There is also the related issue that @andrewsu opened on mygene.info. The response I put there might be another option for you. If you can't make the query string work as you want, you can quite easily define your own query on mygene. See https://github.com/biothings/mygene.info/issues/32 for more information if you're interested...

dhimmel commented 6 years ago

How does matching multi-word fields work? Is each word it's own token or are spaces just like any other character. For example, let's use the gene name KRAS proto-oncogene, GTPase. Would a query of proto-onco match query* or only *query*?

cyrus0824 commented 6 years ago

@dhimmel I believe for the "name" field, it is tokenized on whitespace, so it should match both query and *query\. Be careful with double escaping the "-" , I believe it's a reserved character. You can find out more (including the reserved characters) here: https://www.elastic.co/guide/en/elasticsearch/reference/current/query-dsl-query-string-query.html#query-string-syntax

dhimmel commented 6 years ago

@ramenhog let's see if the following change to our query improves results:

q=type_of_gene:protein-coding AND (symbol:SEARCH^5 OR alias:SEARCH^3 OR symbol:SEARCH*^2 OR name:SEARCH*^1)

where SEARCH is the user-supplied search term. Keeping species, entrezonly, and size as they are now.

ramenhog commented 6 years ago

@dhimmel 👍 i'll try it out. Do we still want suggest_from as a param?

dhimmel commented 6 years ago

Do we still want suggest_from as a param?

I don't think so, since we are now explicitly specifying the fields to search in the query.

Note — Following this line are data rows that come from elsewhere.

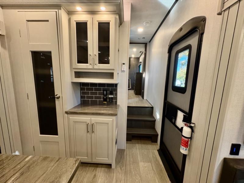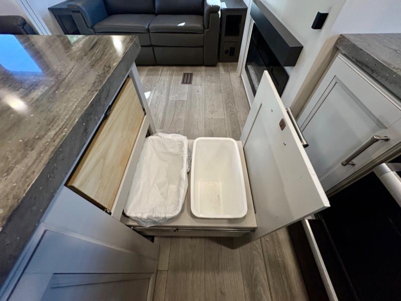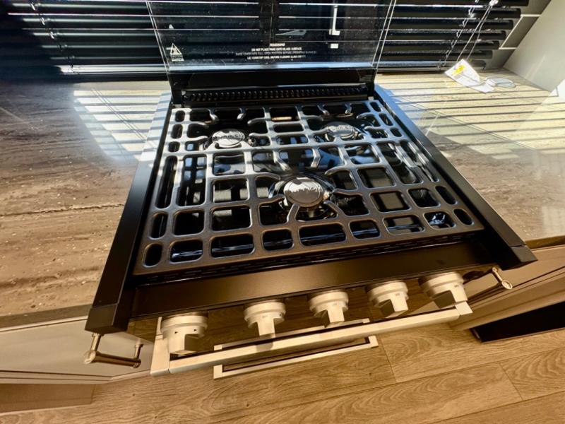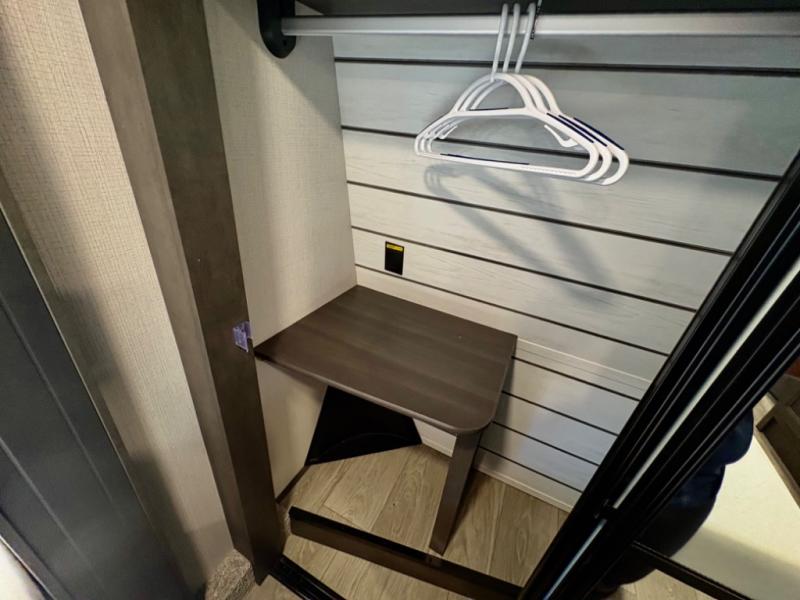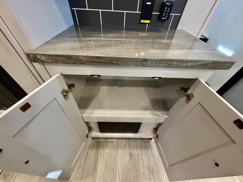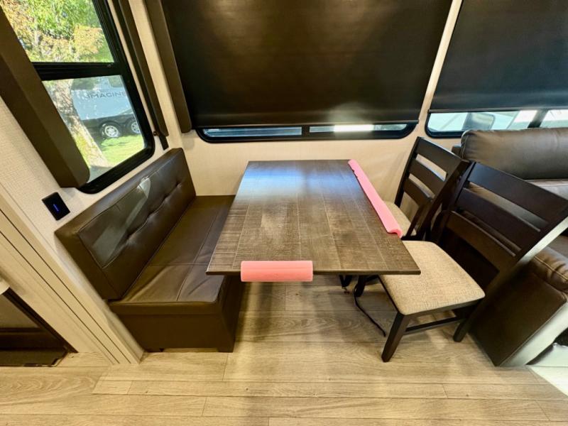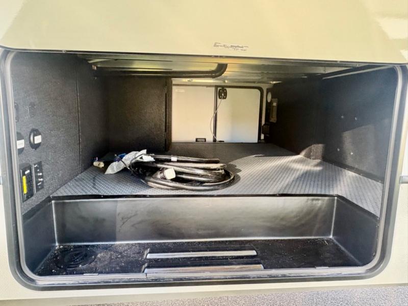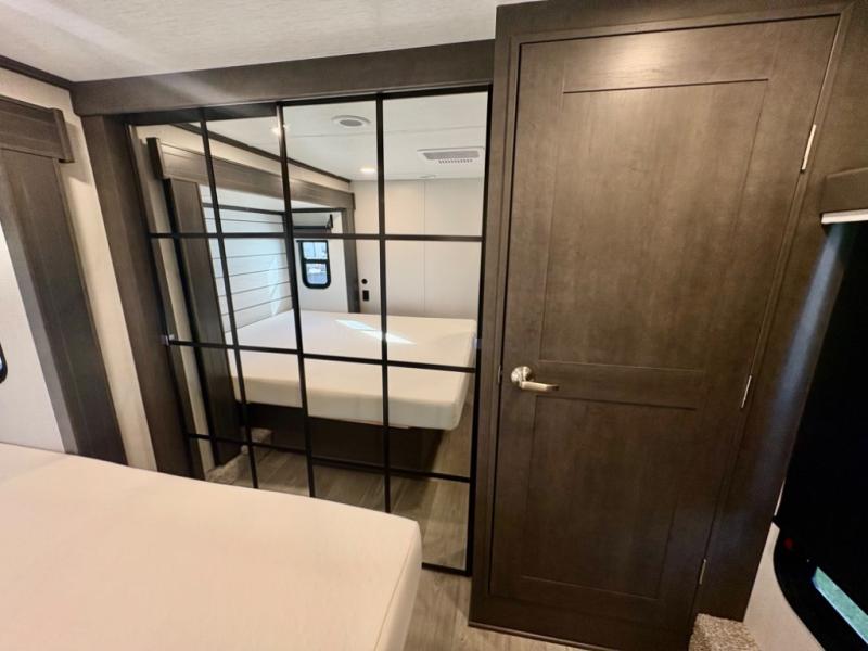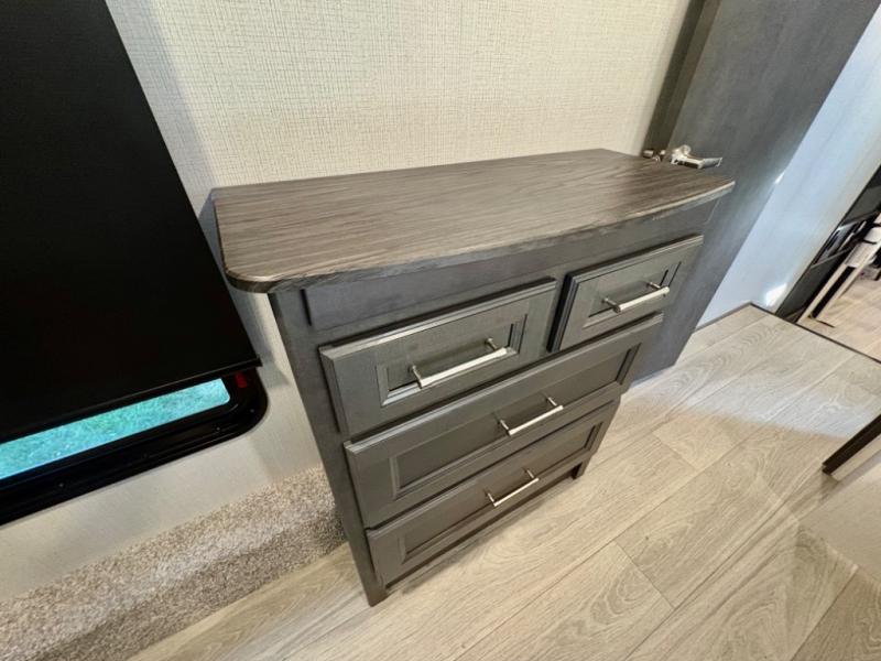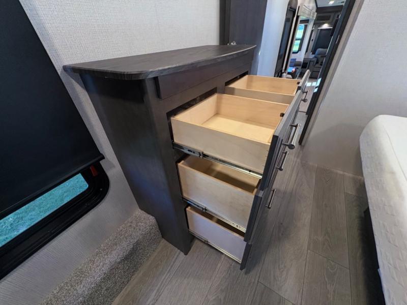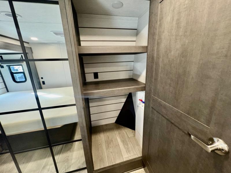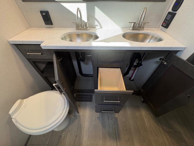 The dual-sink vanity in the full bathroom on this Cougar fifth wheel is what will make your morning routine feel just the same on the road as it does at home! You'll also sleep just as well on the queen-size bed in the front private bedroom, and there is under-bed storage, a full-height wardrobe, and a dresser with hidden storage for all of your personal belongings. As you spend time in the main living area, you'll appreciate having extra space thanks to the set of opposing slides, and the kitchen island will be easy to work around. You'll be able to relax on the tri-fold sleeper sofa and theater seating while you watch the LED HDTV with an pivoting entertainment door and hidden pantry. There is also a booth dinette with storage drawers, convenient shoe storage right as you enter the unit, and an exterior unobstructed pass-thru storage so nothing gets left behind.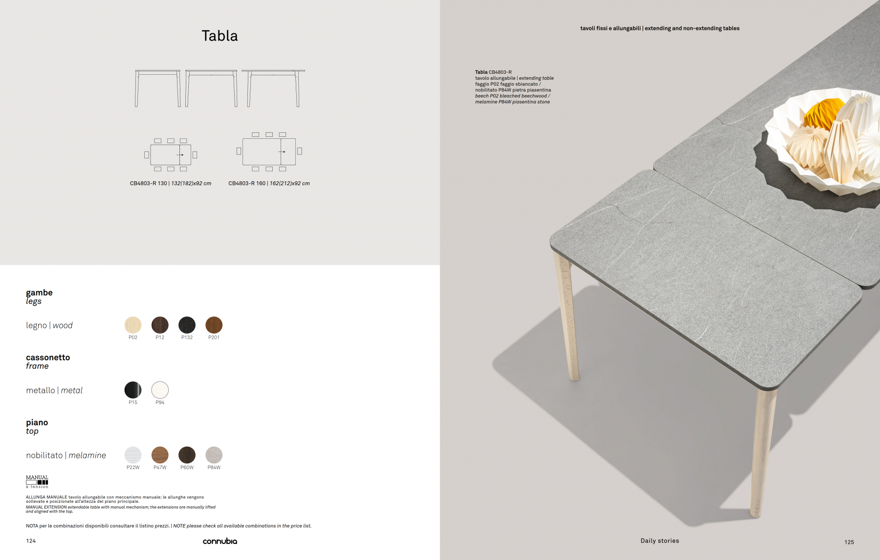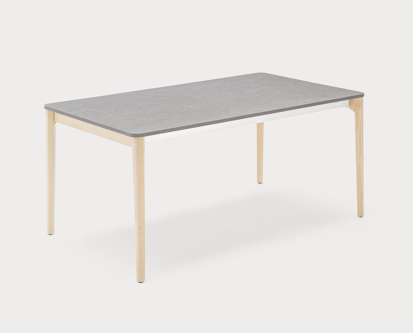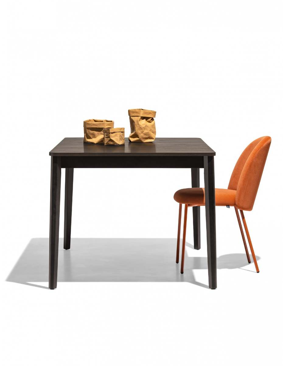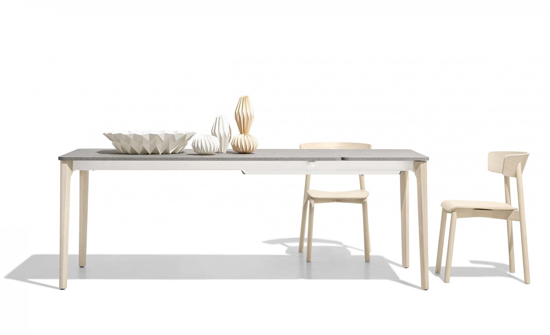 TABLA extendable rectangular table with a solid beechwood frame and tops with straight edges and rounded corners in melamine wood. The extension with rounded corners comes in a matching colour and is stored beneath the top.
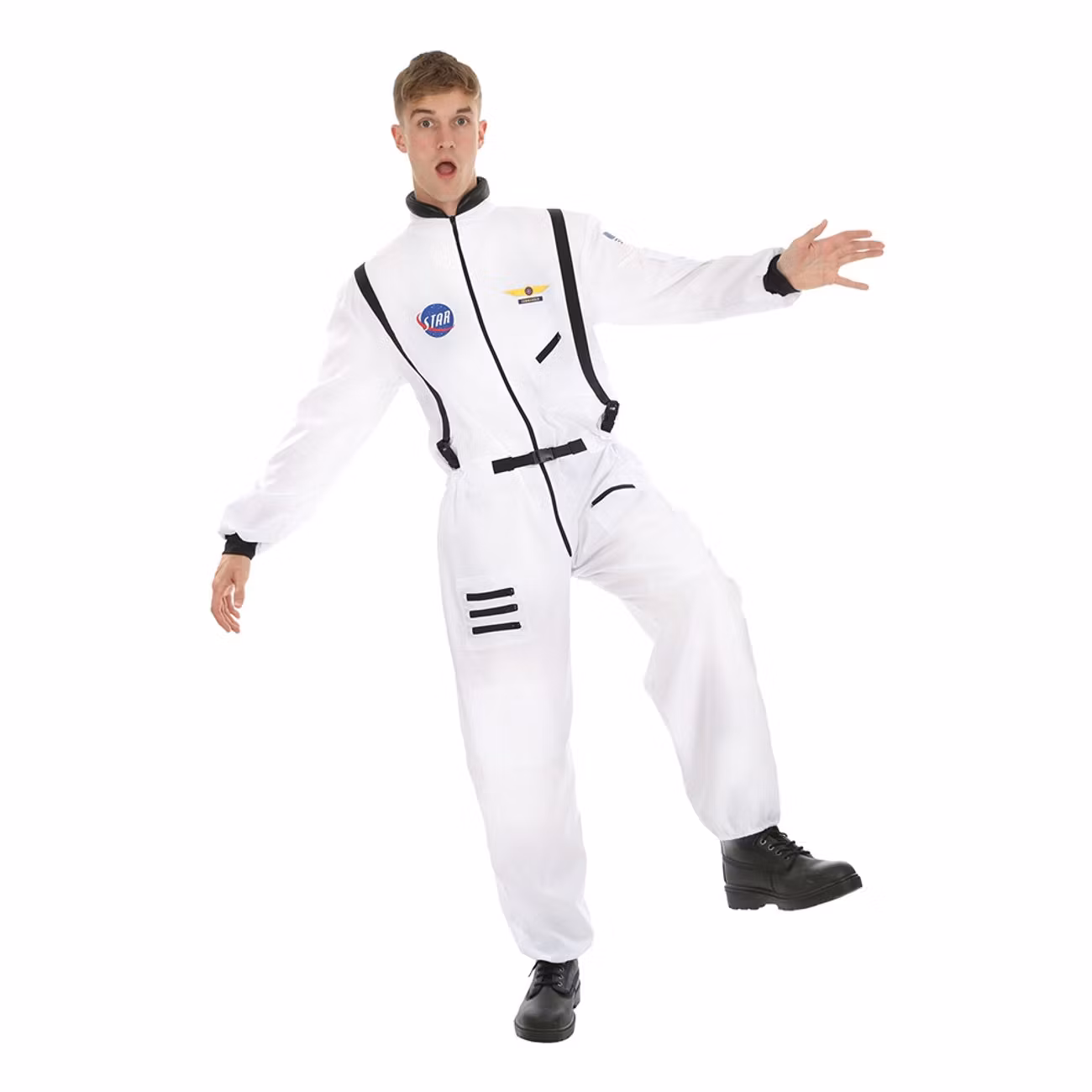 Astronaut Vit Maskeraddräkt inkluderar en vit jumpsuit med svarta detaljer som direkt får en att tänka på Armageddon, Fuglesang och Armstrong. Med den här dräkten gör du succé på varenda maskeradfest, oavsett om temat är hjältar, rymden eller yrken.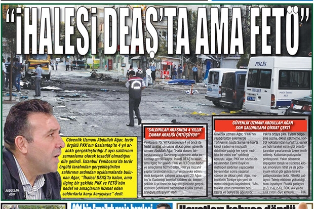 Güvenlik Uzmanı Abdullah Ağar, terör örgütü PKK’nın Gaziantep’te 4 yıl aralıklı gerçekleştirdiği 2 ayrı saldırının zamanlama olarak tesadüf olmadığını dile getirdi. İstanbul Yenibosna’da terör örgütü tarafından gerçekleştirilen saldırının ardından açıklamalarda bulunan Ağar, “İhalesi DEAŞ’ta kalan, ama ilginç bir şekilde PKK ve FETÖ’nün hedef ve amaçlarına hizmet eden saldırılarla karşı karşıyayız” dedi.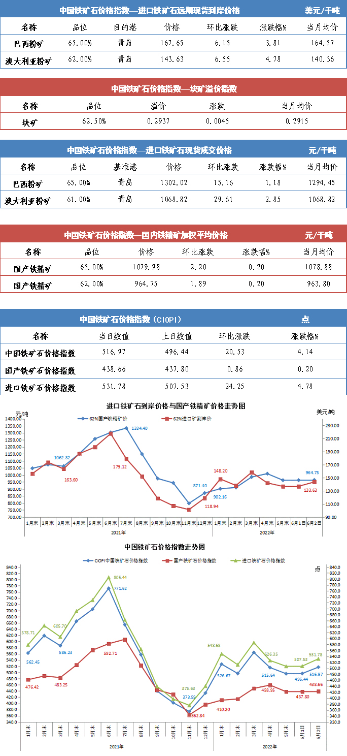 【行業(yè)指數(shù)】6月2日中國(guó)鐵礦石價(jià)格指數(shù)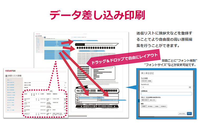 送信リストの情報を原稿のあらゆる場所へ差し込みが可能です。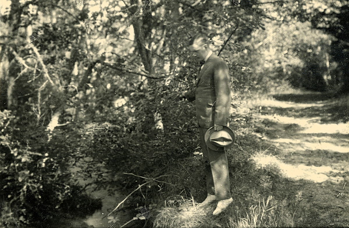 Tandläkare Gunnar Högberg står och blickar ner på en liten bäck någonstans i Torekov, Skåne 1922.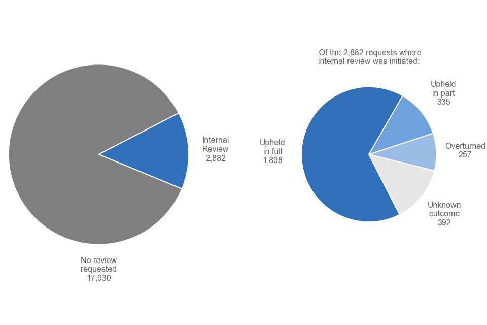 The outcome of internal reviews and external complaints

ramenhog commented 6 years ago

It's looking good 🎉 ! These are the results I get after using that updated query with the use cases I initially posted:

KRAS: screen shot 2018-04-09 at 2 23 24 pm

BRCA2: screen shot 2018-04-09 at 2 23 17 pm

TP53: screen shot 2018-04-09 at 2 23 36 pm

Please let me know if there's any other cases I should test. If it all looks good, I'll get a PR out for fixing this 👍

cgreene commented 6 years ago

Woo! 🎉 This looks much better!

dhimmel commented 6 years ago

If it all looks good, I'll get a PR out for fixing this

Let's PR. We'll deal with remaining issues as they come up as this is already a huge improvement.

cyrus0824 commented 6 years ago

Hi everyone, glad this is starting to look better. A couple more things I wanted to suggest:

1) The weights I picked in the initial example were arbitrary, and could result in extreme overweighing of certain types of hits (this may or may not be what you're interested in). In general we've had the best luck picking weights between 0.5 and 1.5, as it seems not to squash the inter-hit scoring differences. You can see what I'm talking about in the _score of each hit in the weighted query (some are ~350, others are ~5). You could probably get the same hit ordering using less exaggerated weights...

2) Specifically @dhimmel : after looking into the elasticsearch text segmentation algorithm, I saw that the "-" character is actually a token delimiter :( This means that "proto" and "oncogene" are separate tokens, and at best "name:proto-onco" would need to be searched like "name:proto AND name:onco".